Wildlife trade expert Esmond Bradley Martin says that smuggling routes have shifted from West African ports to East African — in Kenya and Tanzania, mostly. Kitili Mbathi, the Director General of Kenya Wildlife Service, admits that the Kenyan port of Mombasa is the "weak link," where corruption allows shipments of ivory tusks to China.
Mike Norton Griffiths, a longtime Kenyan resident who researches the economics of conservation, has a different concern about the ivory burn: What happens to the ivory market when you effectively remove this much — his estimate is 5 percent — of the world supply at one time?
"Look what happened when Iraq went offline with its oil" during the Iran-Iraq war in the 1980s, he notes. "That was 5 percent of the market. Oil prices shot through the roof!"
Higher ivory prices could lure more poachers to get into the trade and hunt more elephants, he and others warn.
A number of prominent conservationists disagree.
Kenya's very first ivory burn — of 12 tons of ivory — helped lead to significant changes in global policy on the ivory trade.
Paula Kahumbu, the Kenyan CEO of the conservation group WildlifeDirect, says that keeping ivory locked in Kenya's vaults is a far more dangerous temptation to illegal traders than the higher prices Griffiths warns of.
"If you're a dealer and you need a ton of ivory, where is the hugest place to go?" Kahumbu says. "It's not to go hunting [elephants]. That's actually quite risky, to go hunting animals. Actually, if you can raid a stockpile by bribing the guy who has the key, that's going to be the fastest way that you can get your ivory."
Kahumbu's group has documented how ivory tusks go missing from African vaults or courtroom exhibit rooms and end up right back on the ivory market, because of corruption.
Stop Ivory, another wildlife conservation group, helped organize Saturday's burn, in which several African heads of state took part.
"It will be a pleasure to burn it," Kenyan President Uhuru Kenyatta wrote in an editorial on Friday, "and do my part to destroy any possibility that poachers and their accomplices might benefit from the slaughter of Kenya's elephants."
If ivory is to be destroyed, Kenyan officials reason, then it should be done in as public a ceremony as possible. Today's burn was timed to coincide with a continental summit on elephant conservation, so that other African dignitaries and heads of state could participate and show their contempt for the ivory trade. (One of burn-master Hollister's many jobs was an act of diplomacy — to make sure that no ivory pyre burned higher than the one the Kenyan president lit.)
But beyond the theatrics, the question is whether the anti-ivory message will sway buyers in the world's biggest ivory market — China.
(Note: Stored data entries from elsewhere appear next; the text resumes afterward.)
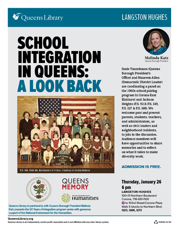Hello all, This coming Thursday, Jan. 26, Queens Memory and the Queens Borough President's Office will co-host a panel discussion on the historic school pairing programs at P.S. 92 and P.S. 149 in Jackson Heights and P.S. 127 and P.S. 148 in Corona/East Elmhurst in the 1960s. The panel will be led by Susie Tanenbaum, director of immigrant and inter-cultural affairs at the Queens Borough President's Office, and Democratic District Leader Maureen Allen. Panelists will include parents and students who experienced these programs. The event will be held at the Langston Hughes Library in Corona from 6 to 8 pm; light refreshments will be served. See flyer attached for more details -- hope to see you there! Lori Lori Wallach Queens Memory Outreach Coordinator queensmemory.org Center for Teaching and Learning, Razran 316 Queens College Lori.Wallach@qc.cuny.edu (718) 990-8532
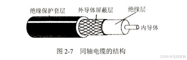 同轴电缆:由内导体铜质芯线、绝缘层、网状编制的外导体屏蔽层、绝缘保护套组成。
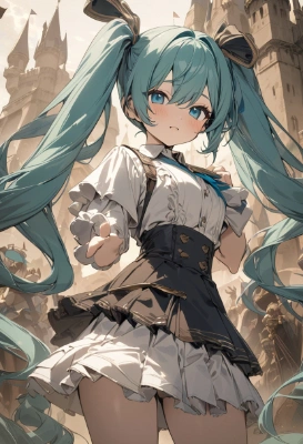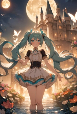 masterpiece, best quality, extremely detailed, anime, girl, skirtmasterpiece, best quality, extremely detailed, anime, girl, 1girl, hatsune miku, vocaloid,Twintails,Princess,longhair,princess,butterfly,flower,castle,fantasy,night,moon,full moon,space,starry sky,night sky,sea,Sepia,twintail
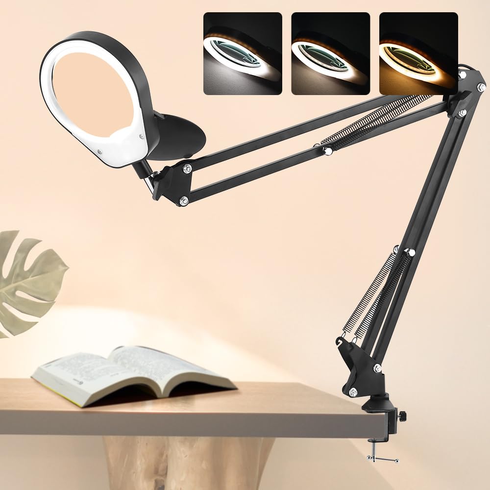 Drdefi 10 lupas con luz y soporte, lámpara de pie con brazo oscilante ajustable 3 en 1, 5 modos de color, lámpara de lupa con luz
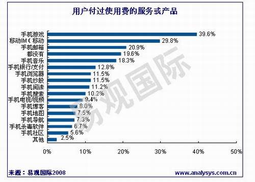 據(jù)易觀國際《中國手機應(yīng)用市場用戶調(diào)研報告2008》研究發(fā)現(xiàn),用戶付過使用費的手機應(yīng)用服務(wù)及產(chǎn)品中,手機游戲、移動IM和手機郵箱的比例較高。其中39.6%的手機應(yīng)用用戶付費玩過手機游戲,29.8%的用戶曾經(jīng)為移動IM付費,而手機郵箱的付費用戶將達20%。其他手機應(yīng)用產(chǎn)品或服務(wù)中,付費用戶的比例相當,均在10%左右,但是有近20%的用戶沒有用過任何的付費服務(wù)或產(chǎn)品。

Does public shaming work on Chinese buyers?
"No," says Hongxiang Huang, the CEO of China House, a foundation in Nairobi to help Chinese living in Africa integrate. "With Chinese, that [shame] strategy is one that I would strongly advise not to use."
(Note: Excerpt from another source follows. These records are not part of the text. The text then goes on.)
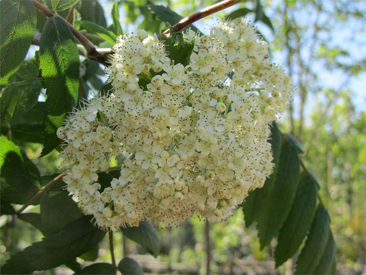 Le infiorescenze sono ricchi corimbi eretti dal diametro sino a 15 cm e hanno asse pubescente. I fiori numerosi, ermafroditi, compaiono fra maggio e luglio; sono portati da peduncoli; corolla con petali obovati, bianchi di 5 mm; stami 20; stili 3 liberi.
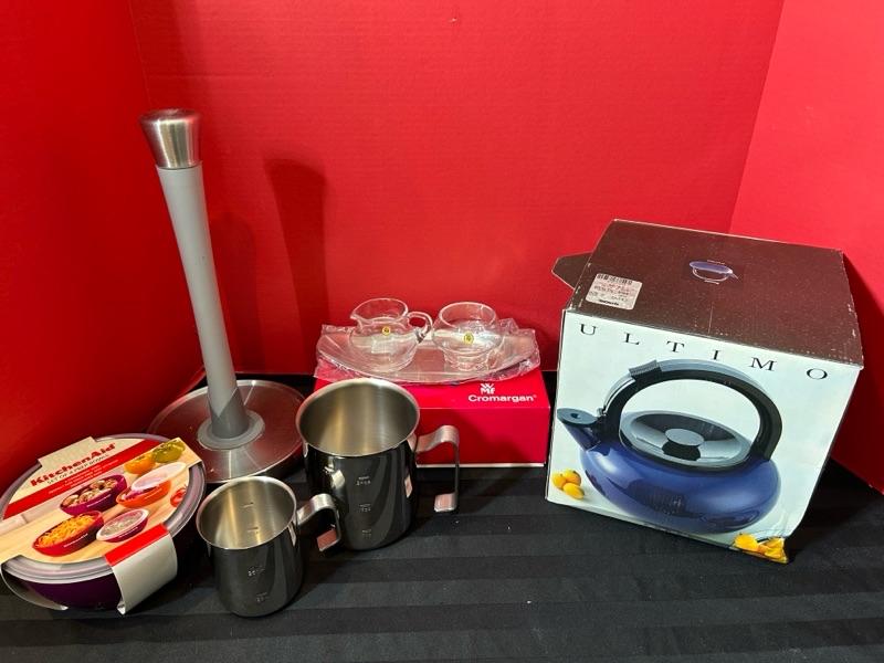 Kettle, sugar & cream set, measuring cups, prep bowls
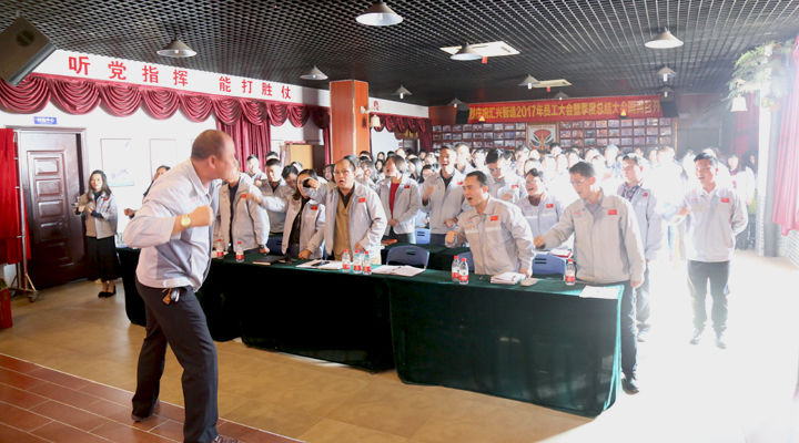 “為夢想沖刺,我是匯興智造的一名忠誠戰(zhàn)士,殺!殺!殺!”,震天喊聲響徹會場,匯興人殺掉困惑,殺掉不妥,殺掉阻礙,挺胸抬頭,勇往直前。“雄關漫道真如鐵,而今邁步從頭越”,2017已不可追,2018正等著匯興智造再創(chuàng)佳績。
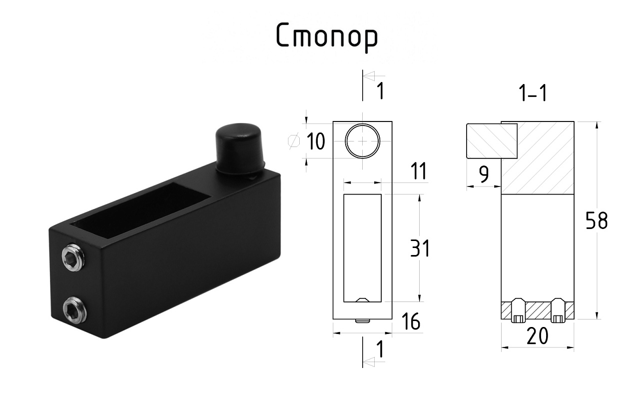 Коннектор регулируемый для трека 30х10 мм, нержавеющая сталь AISI 304, черная t465 BL купить в Перми
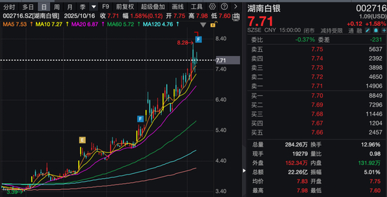 今年以来,贵金属市场价格大幅上涨,带动湖南白银股价狂飙。这也是其上调股票回购价格的重要原因。行情数据显示,自今年6月1日以来,湖南白银股价累计涨幅超过124%,最新报收7.71元/股,总市值涨至218亿元。

Huang worries that finger-wagging on ivory only politicizes the issue and plays into Chinese fears that their country is being undermined by Western NGOs and governments. Already, Huang says, many Chinese see ivory as an issue that the West uses as an excuse to criticize China.
The anti-ivory messages are stronger when they come from China's own leaders. Last year, China agreed to phase out its domestic ivory trade. The price of ivory dropped by almost half, even though no timeline for implementing the ban was given. Kahumbu says that was a bigger price drop than today's burn — or any burn, for that matter — could hope to achieve.
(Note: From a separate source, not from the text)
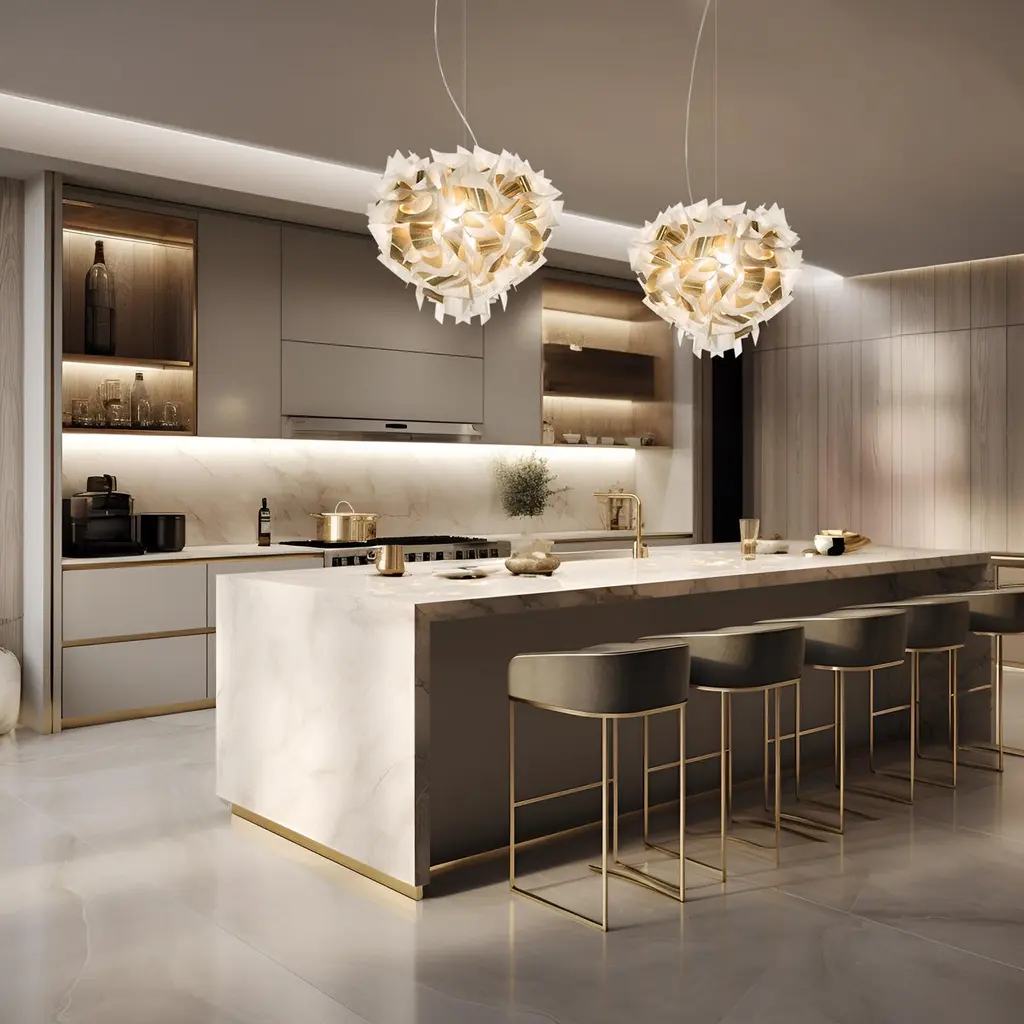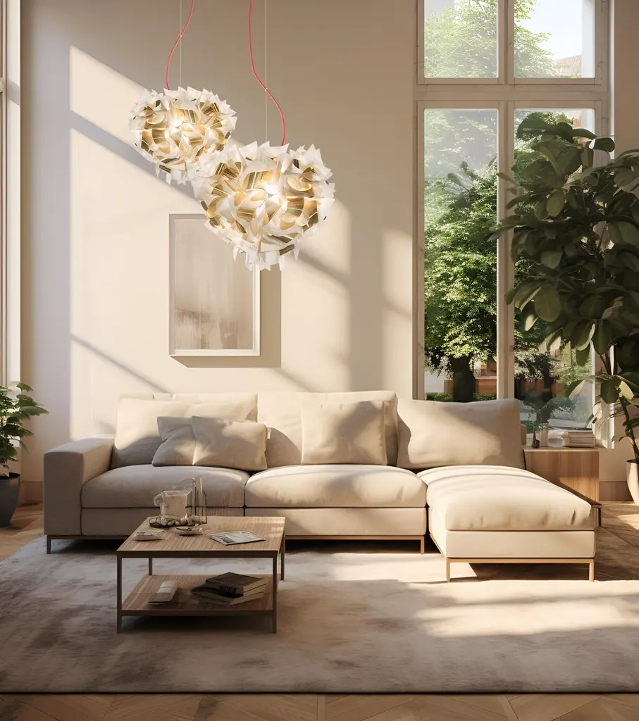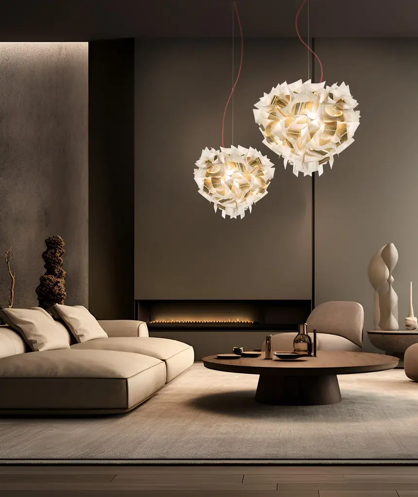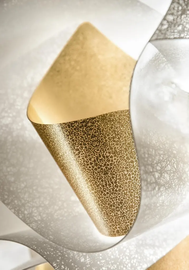 In a time where in the middle of this frenetic life, getting in touch with nature is a luxury, Veli Foliage Suspension Lamp brings something fresh to domestic spaces.Over 268 handcrafted bends and folds make up every piece in the collection; Foliage is a union of Veli’s soft, sartorial features and the perfection of the natural world.The above information, also provided in the Technical Data Sheet, refers to electrical standards with a voltage of 110-220V.The electrical installation components and other accessories may vary depending on the regulations of different countries; please contact us for more information.Size: Ø60 x h 50 cm Cord length: min 20 - max 140 cmColors: White/GoldCord color: TransparentMaterials: Opalflex® - Lentiflex® with cold foilLighting: 4 X 12W E27 LED Filament Bulbs - recommended 3000 KelvinWeight: 2,4 kgDimmerabile: with dimmable bulbs, depending on wall dimmer
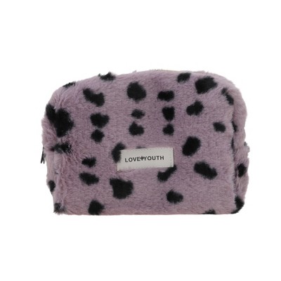 Unique Bargains Leopard Plush Makeup Bag Brown Color 1 Pc

But Huang says the good news, from his perspective, is that most of the audience in China who happen to watch this burn on TV probably won't see it as the shame message it's intended to be.
"I think the burn will just be perceived [as demonstrating] that more and more governments are trying to phase this out and get out of this market," he says. "So it's something that is just fading away."
That may prove to be the most powerful incentive to abandon ivory, he suggests. One thing that proud Chinese people don't want to be, these days, is behind the times.